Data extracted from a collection
"""

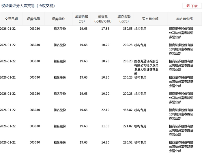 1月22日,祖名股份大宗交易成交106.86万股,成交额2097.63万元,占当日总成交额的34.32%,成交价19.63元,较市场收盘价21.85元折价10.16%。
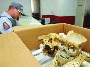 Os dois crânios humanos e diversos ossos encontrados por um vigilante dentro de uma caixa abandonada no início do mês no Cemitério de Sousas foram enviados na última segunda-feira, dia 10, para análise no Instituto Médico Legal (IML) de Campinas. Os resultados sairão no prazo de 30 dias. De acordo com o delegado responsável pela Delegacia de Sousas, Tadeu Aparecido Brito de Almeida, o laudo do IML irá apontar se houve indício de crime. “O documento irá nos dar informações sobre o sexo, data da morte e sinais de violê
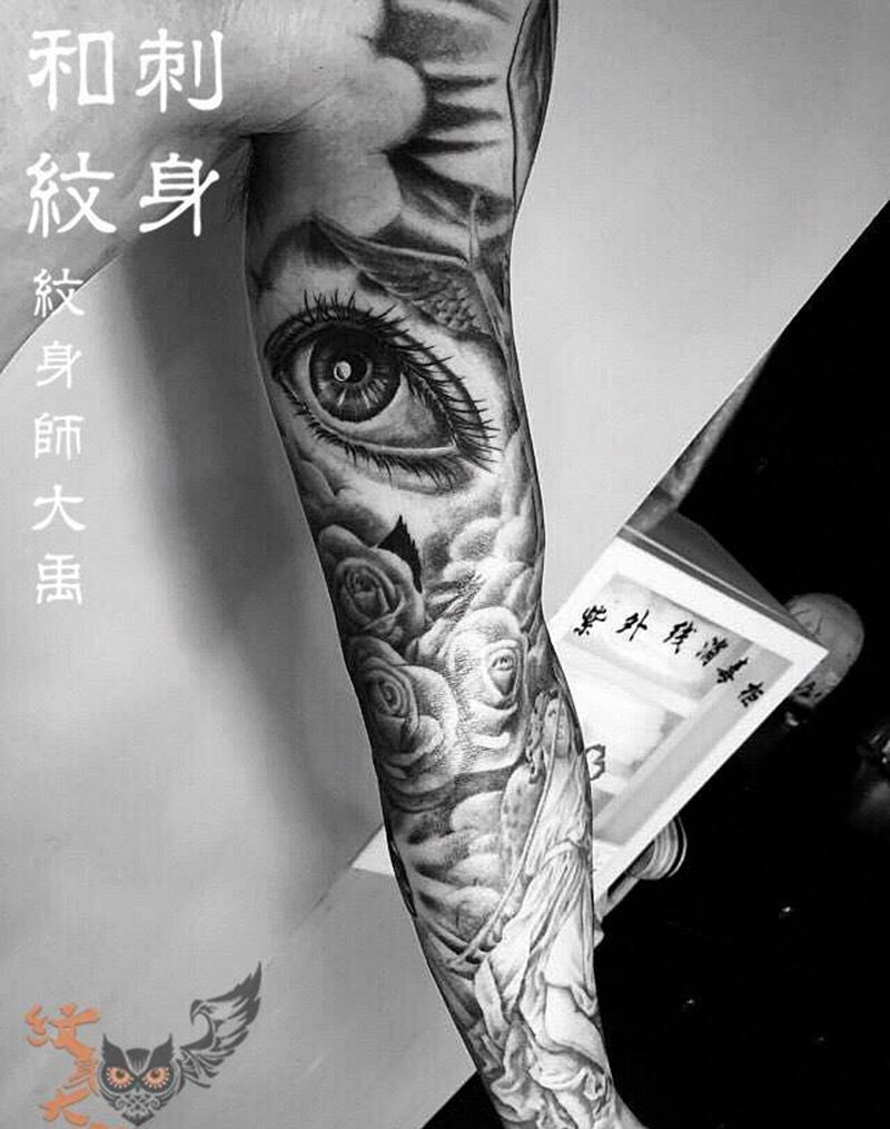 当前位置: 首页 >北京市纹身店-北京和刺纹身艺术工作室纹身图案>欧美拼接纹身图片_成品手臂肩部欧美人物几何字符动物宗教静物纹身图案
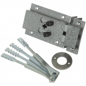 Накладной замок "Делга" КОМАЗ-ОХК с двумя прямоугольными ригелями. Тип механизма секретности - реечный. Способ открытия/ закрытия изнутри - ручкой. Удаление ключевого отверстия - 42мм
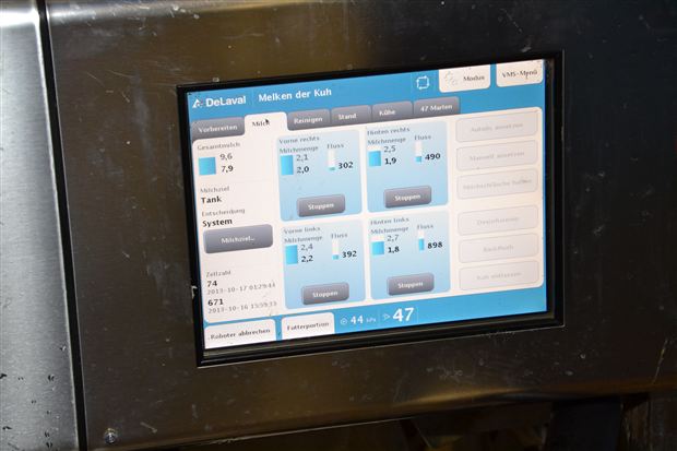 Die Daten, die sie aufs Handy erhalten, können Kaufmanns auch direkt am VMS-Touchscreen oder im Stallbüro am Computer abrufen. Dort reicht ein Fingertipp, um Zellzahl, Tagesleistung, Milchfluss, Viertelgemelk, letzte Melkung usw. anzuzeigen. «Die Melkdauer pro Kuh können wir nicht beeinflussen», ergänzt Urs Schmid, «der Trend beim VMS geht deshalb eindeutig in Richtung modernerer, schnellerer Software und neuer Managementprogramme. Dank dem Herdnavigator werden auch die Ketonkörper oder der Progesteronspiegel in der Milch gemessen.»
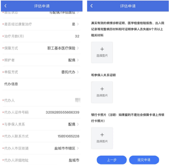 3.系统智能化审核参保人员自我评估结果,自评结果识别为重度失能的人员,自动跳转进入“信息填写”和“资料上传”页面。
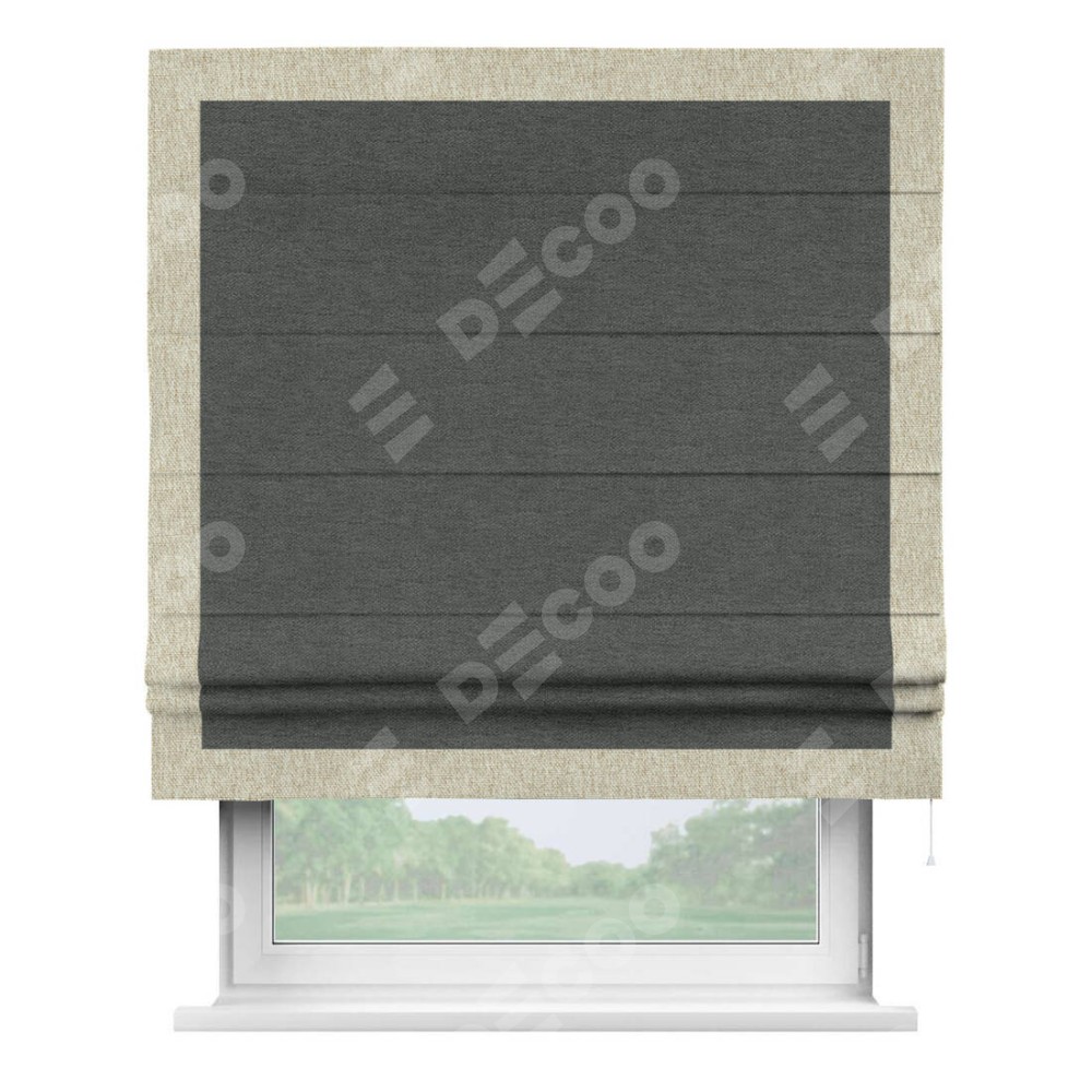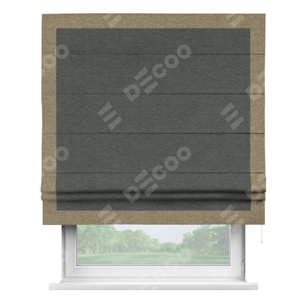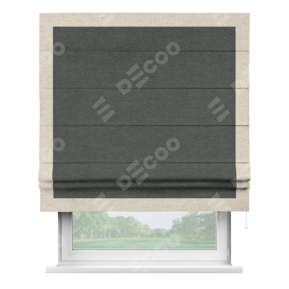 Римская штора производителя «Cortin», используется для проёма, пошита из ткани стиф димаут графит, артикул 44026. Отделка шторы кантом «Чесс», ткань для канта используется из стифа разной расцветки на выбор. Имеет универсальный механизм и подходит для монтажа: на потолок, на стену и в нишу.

"""

Goal of the exercise — Could you set down every record above word for word, leaving out the pictures?

Exercise result —
 1月22日,祖名股份大宗交易成交106.86万股,成交额2097.63万元,占当日总成交额的34.32%,成交价19.63元,较市场收盘价21.85元折价10.16%。
 Os dois crânios humanos e diversos ossos encontrados por um vigilante dentro de uma caixa abandonada no início do mês no Cemitério de Sousas foram enviados na última segunda-feira, dia 10, para análise no Instituto Médico Legal (IML) de Campinas. Os resultados sairão no prazo de 30 dias. De acordo com o delegado responsável pela Delegacia de Sousas, Tadeu Aparecido Brito de Almeida, o laudo do IML irá apontar se houve indício de crime. “O documento irá nos dar informações sobre o sexo, data da morte e sinais de violê
 当前位置: 首页 >北京市纹身店-北京和刺纹身艺术工作室纹身图案>欧美拼接纹身图片_成品手臂肩部欧美人物几何字符动物宗教静物纹身图案
 Накладной замок "Делга" КОМАЗ-ОХК с двумя прямоугольными ригелями. Тип механизма секретности - реечный. Способ открытия/ закрытия изнутри - ручкой. Удаление ключевого отверстия - 42мм
 Die Daten, die sie aufs Handy erhalten, können Kaufmanns auch direkt am VMS-Touchscreen oder im Stallbüro am Computer abrufen. Dort reicht ein Fingertipp, um Zellzahl, Tagesleistung, Milchfluss, Viertelgemelk, letzte Melkung usw. anzuzeigen. «Die Melkdauer pro Kuh können wir nicht beeinflussen», ergänzt Urs Schmid, «der Trend beim VMS geht deshalb eindeutig in Richtung modernerer, schnellerer Software und neuer Managementprogramme. Dank dem Herdnavigator werden auch die Ketonkörper oder der Progesteronspiegel in der Milch gemessen.»
 3.系统智能化审核参保人员自我评估结果,自评结果识别为重度失能的人员,自动跳转进入“信息填写”和“资料上传”页面。
 Римская штора производителя «Cortin», используется для проёма, пошита из ткани стиф димаут графит, артикул 44026. Отделка шторы кантом «Чесс», ткань для канта используется из стифа разной расцветки на выбор. Имеет универсальный механизм и подходит для монтажа: на потолок, на стену и в нишу.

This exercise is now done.